I was fascinated by these creations of Nature, but also captivated by the cosmetics, the fake eyelashes, the varnished pearly finger and toe nails and the scent of patchouli, which has nothing to do with love. Above all, what drove me completely wild was the 'wealth' displayed around their shoulders, draped across their breasts, where the head of the fox fur meets its tail.
This is how one might revise the second paragraph of Marquez Memories of My Melancholy Whores, to describe the melancholic women depicted in the paintings of Stavros Hatzioannou.

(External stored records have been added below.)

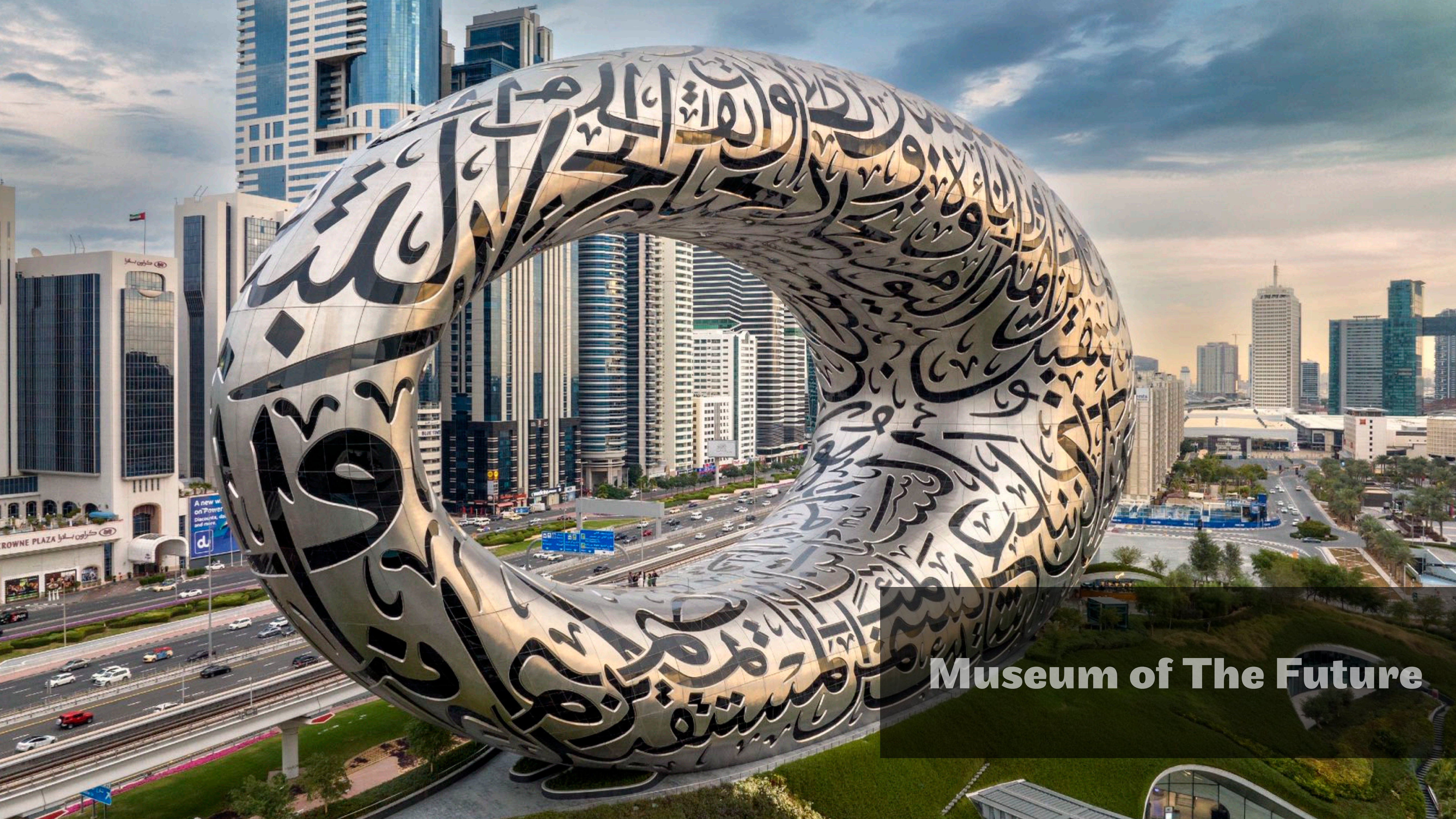
Museum of The Future
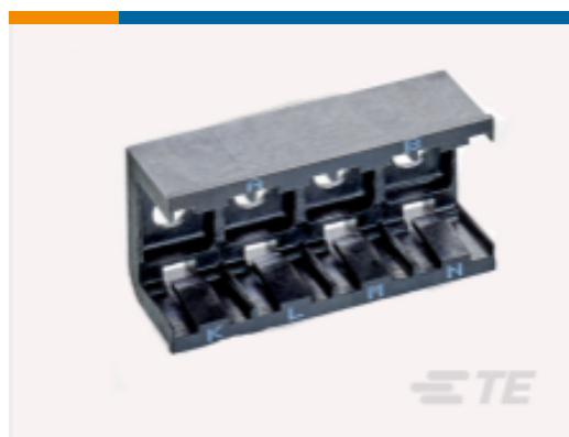
TE Part #DCR-1A-06 COMPOSIT RAIL
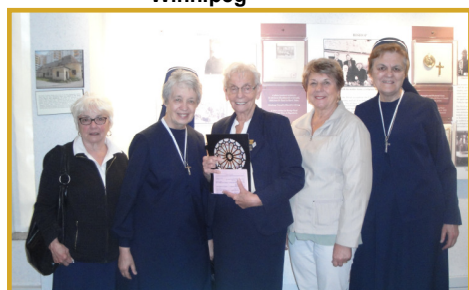
SSMI Sisters and delegates from the National UCConvention
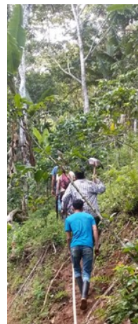
Running the water pipe down the mountain

They are also building several water holding tanks. Over 25 men are working together to repair the water system for their community.
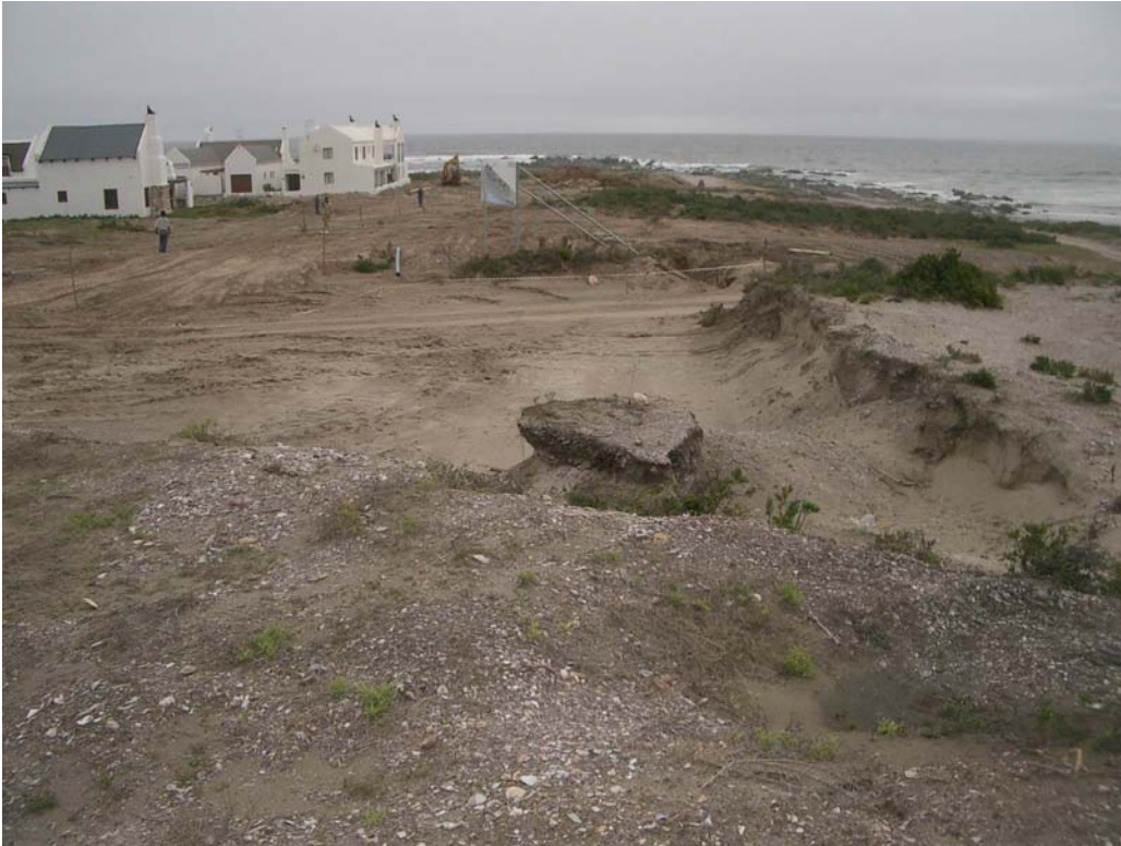
Figure 2. Archaeological monitoring Portion 1 of Erf 1050 Paternoster. Site facing west.
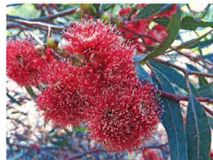
Eucalyptus 'Urrbrae Gem' discovered at the Waite Arboretum in 1956, is thought to be a hybrid of E. erythronema x E. stricklandii .
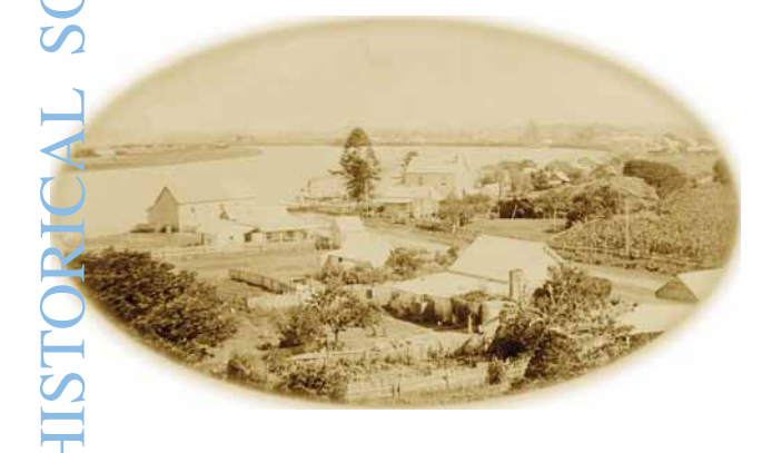
Walks in History
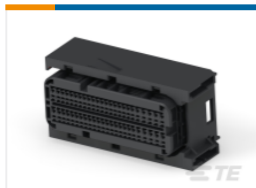
TE Part #8-1564284-5 96POS,MCON-1.2 CB,REC HSG,ASSY
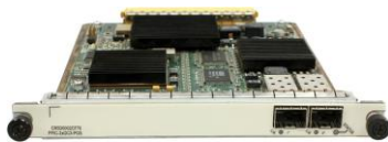
2-Port OC-3c/STM-1c POS-SFP Flexible Card
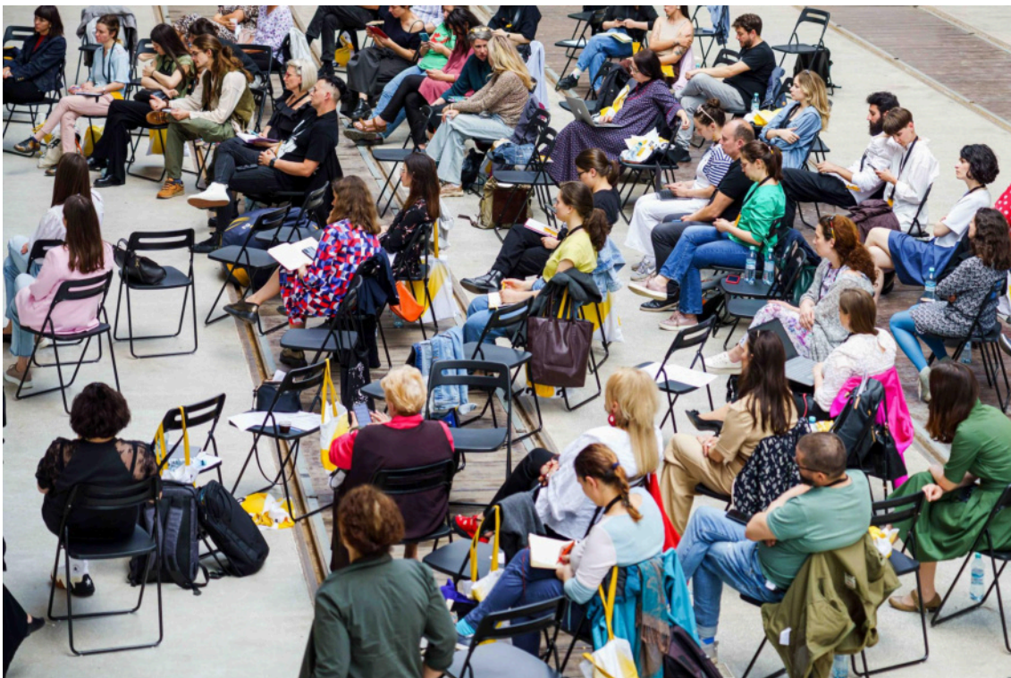
Meeting of TM2023 Platform – Power Station (May 31, 2023, MX – “Corneliu Miklosi” Museum)

Funded applications (projects, grants and mobilities): 337
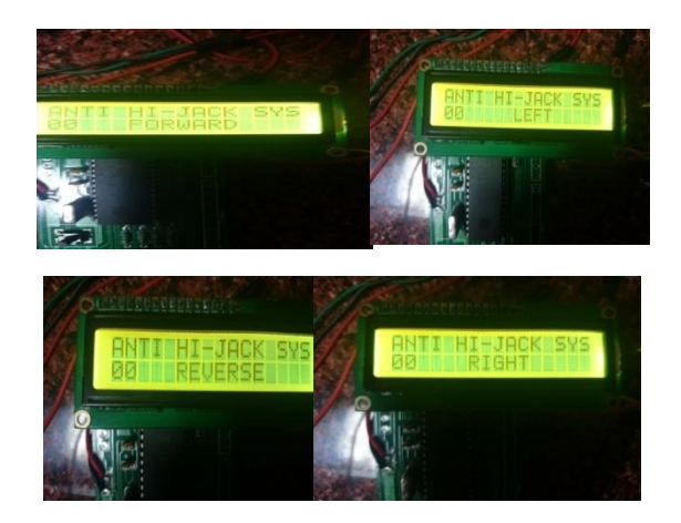
Fig.5 control signals from the base station

From then the control of the aircraft is transferred to the base station. The corresponding movements are seen of the LCD display at the base station. (Fig.5)
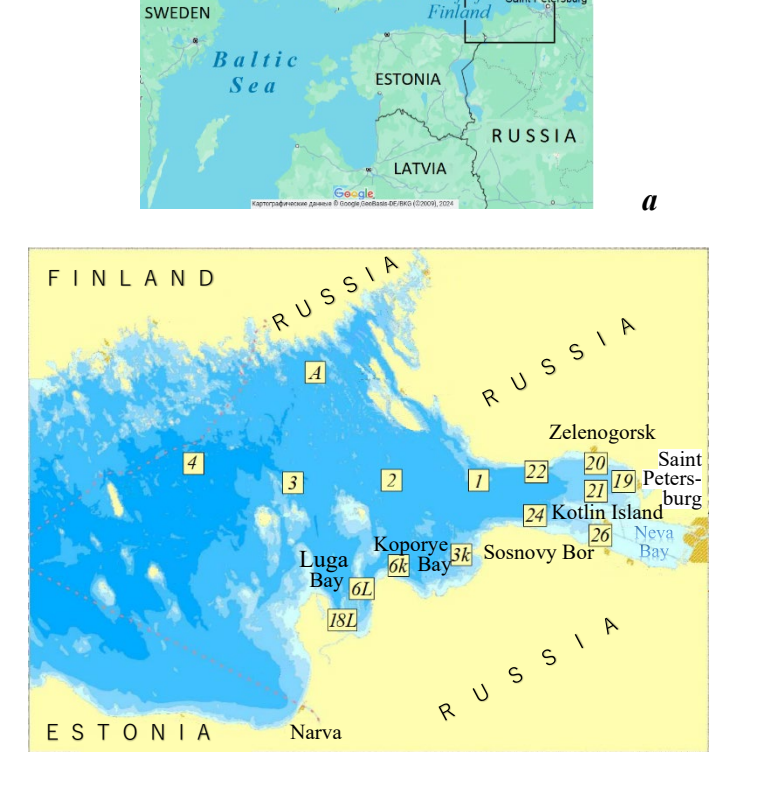
Fig. 1. Gulf of Finland (the rectangular on the map shows the study area in the eastern part of the Gulf) (a) and an enlarged image of the selected area with a sampling station grid (b) [3, 10]. Google Maps image (available at: https://www.google.ru/maps)

In 2020, two cruises were carried out as part of the monitoring studies: in June and September. The cruises were carried out according to the VNIRO state assignment No. 076-00005-20-02. Samples were collected at 15 stations during the cruises (Fig. 1, b ).
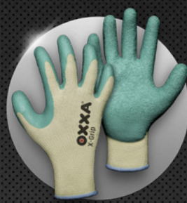
OXXA X-GRIP 51-000 Art. no. 1.51.000.00
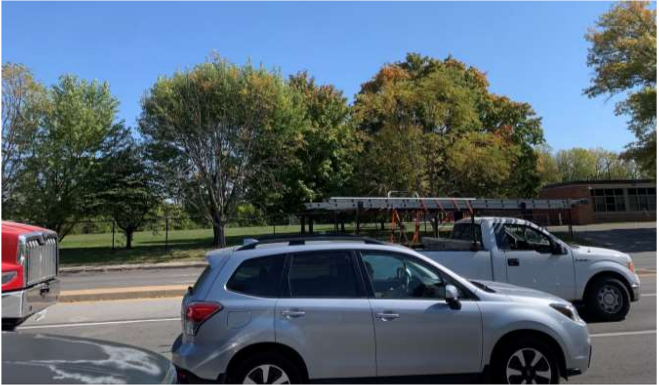
Photo of the school across Keystone Avenue to the east.
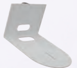
PT-PM-3-WH For 30X Models
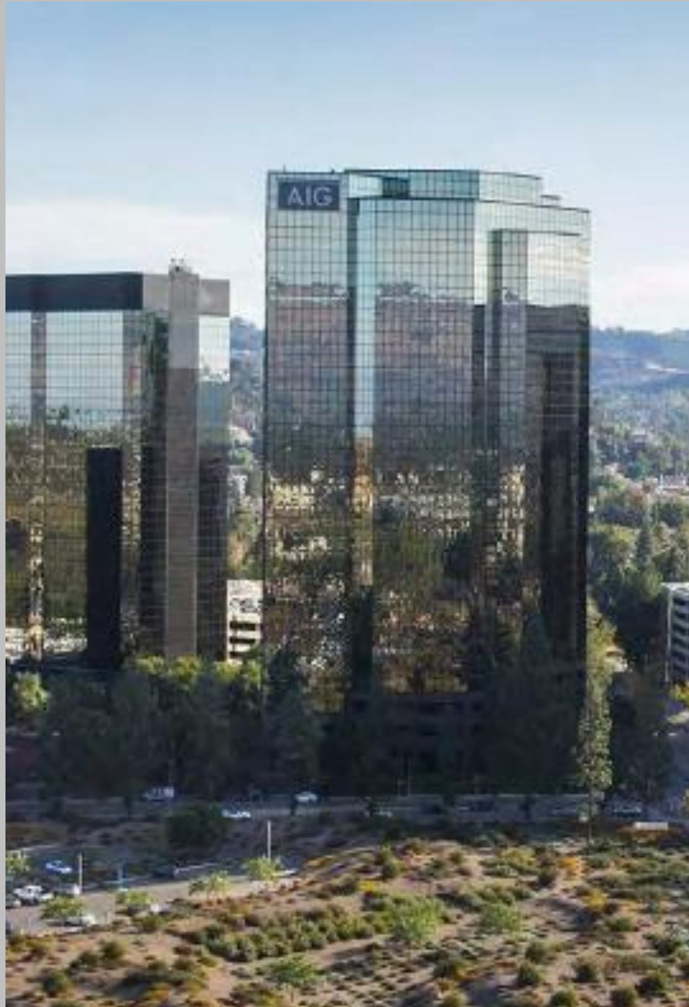
SLC Los Angeles Office Warner Center Towers 21550 Oxnard Street Suite 1000 Woodland Hills, CA 91367

Distant descendants of the Demoiselles d'Avignon, they are less angular, more lonely and they have no wish to communicate with each other. Their lips are sealed in silence, melancholic or apologetic. Marquez writes that "Defenceless love becomes innocent through its silence". And the shy eyes of the virgin long for the next meeting.
Clothes seem superfluous. Embracing bodies are like landscapes, the dynamics of love; essential and undisclosed passion, secret love, an obscured view: darkness. The inevitable indigo blue of the night sky; the curve of the body. The contrasting bittersweet taste of love and death, the silence and cries of love. The veils of smoke and mystery, the sound of distant jazz.
The sorrow of Mallarme bodies; an act from Schnitzlers carousel of love; the celebration that becomes mundane. The mind of the thinker is overwhelmed by lust while he turns "pages of notebooks on ethics"; if he was a philosopher, he would maintain the remote objectivity of the creator.
We seem to see the hand of many different painters within one artist as he reflects a myriad of experiences and impressions absorbed throughout his life and in his art.